Once outside, I found myself wandering in the maze of streets on the south side of the ghetto. Every now and then, in the gap between two buildings, or at the end of a dark alley, I would catch a glimpse of the rust-coloured dome of Santa Maria del Fiore, disproportionately large, like a grown-up playing a child’s game. Where, I wondered, was the girl I had mentioned to Pampolini, the girl I had seen only twice in my life, the girl whose existence was so vivid and yet so tenuous that I sometimes felt as if I had made her up?
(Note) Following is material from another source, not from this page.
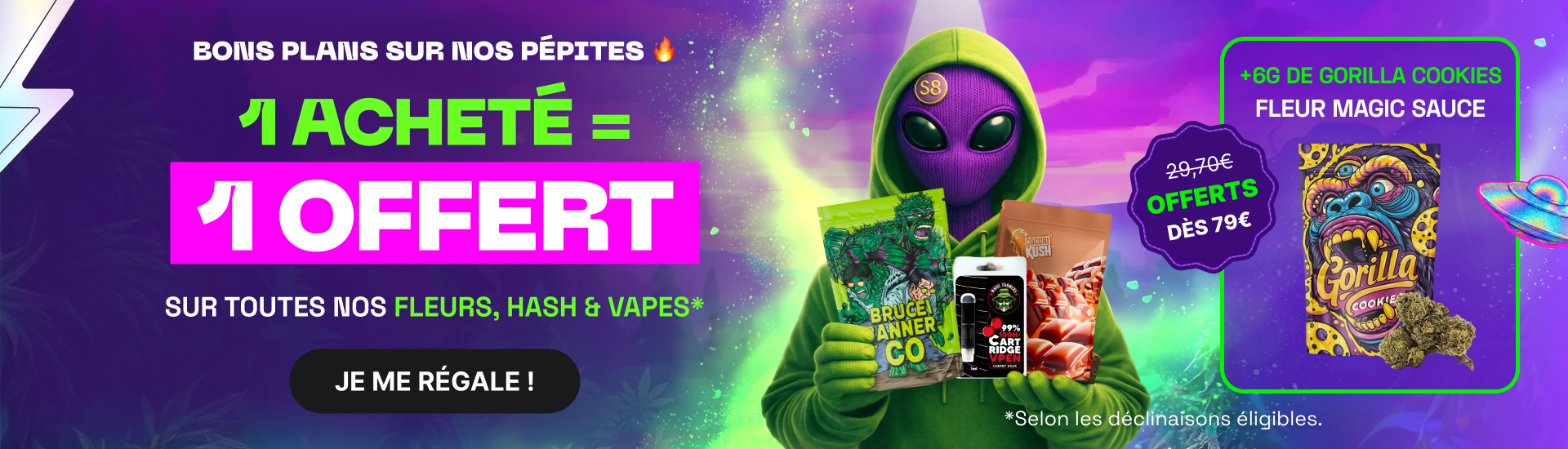 OFFRE DE LA SEMAINE : 1 ACHETÉ = 1 OFFERT SUR TOUT (HORS EXCEPTIONS)    6G DE GORILLA COOKIES OFFERTS DÈS 79€    OFFRE DE LA SEMAINE : 1 ACHETÉ = 1 OFFERT SUR TOUT (HORS EXCEPTIONS)    6G DE GORILLA COOKIES OFFERTS DÈS 79€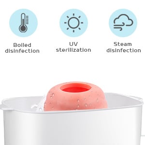 easy to clean it with water and dishwasher safe! For sterilization, you can simply use hot water.

I turned the corner and nearly jumped out of my skin, for there she was, no more than fifty yards away. Her wrists were thin, her black hair shone. There was an urgency about the way she moved. Something clear-cut too. Defined. To see her on the street, with people all around her, was like seeing a knife in a drawer of spoons. I had long since come to a standstill, and I was smiling, not just at her beauty, but at the beauty of coincidence. Who was it who wrote that chance provides us with exactly what we need?
When she noticed me, she slowed down, adjusting the basket she was carrying. She seemed startled, even a little bewildered, as though the possibility that I might appear had not occurred to her.
‘I didn’t expect it to happen like this,’ I said.
‘I’m sorry?’
Her voice, which I had just heard for the first time, was low and smoky. What would it sound like if she said my name? Or if she said she loved me? But what was I thinking? Was I drunk? Well, yes. Obviously.
‘To be honest, I didn’t expect it to happen at all,’ I said. ‘I’ve been looking for you everywhere, but I’d just about given up.’
‘So how did you find me?’
‘Pure luck — though, oddly enough, I was thinking about you when you appeared.’
‘Perhaps you’re imagining things. Perhaps I’m not really here.’ She seemed wistful, as if what she was saying might actually be true.
‘What’s your name?’
‘Faustina.’
We moved on along the street, past a place known for its fried fish. We crossed the Mercato Vecchio. The setting sun threw our shadows down in front of us, hers touching mine, though we were still strangers to each other.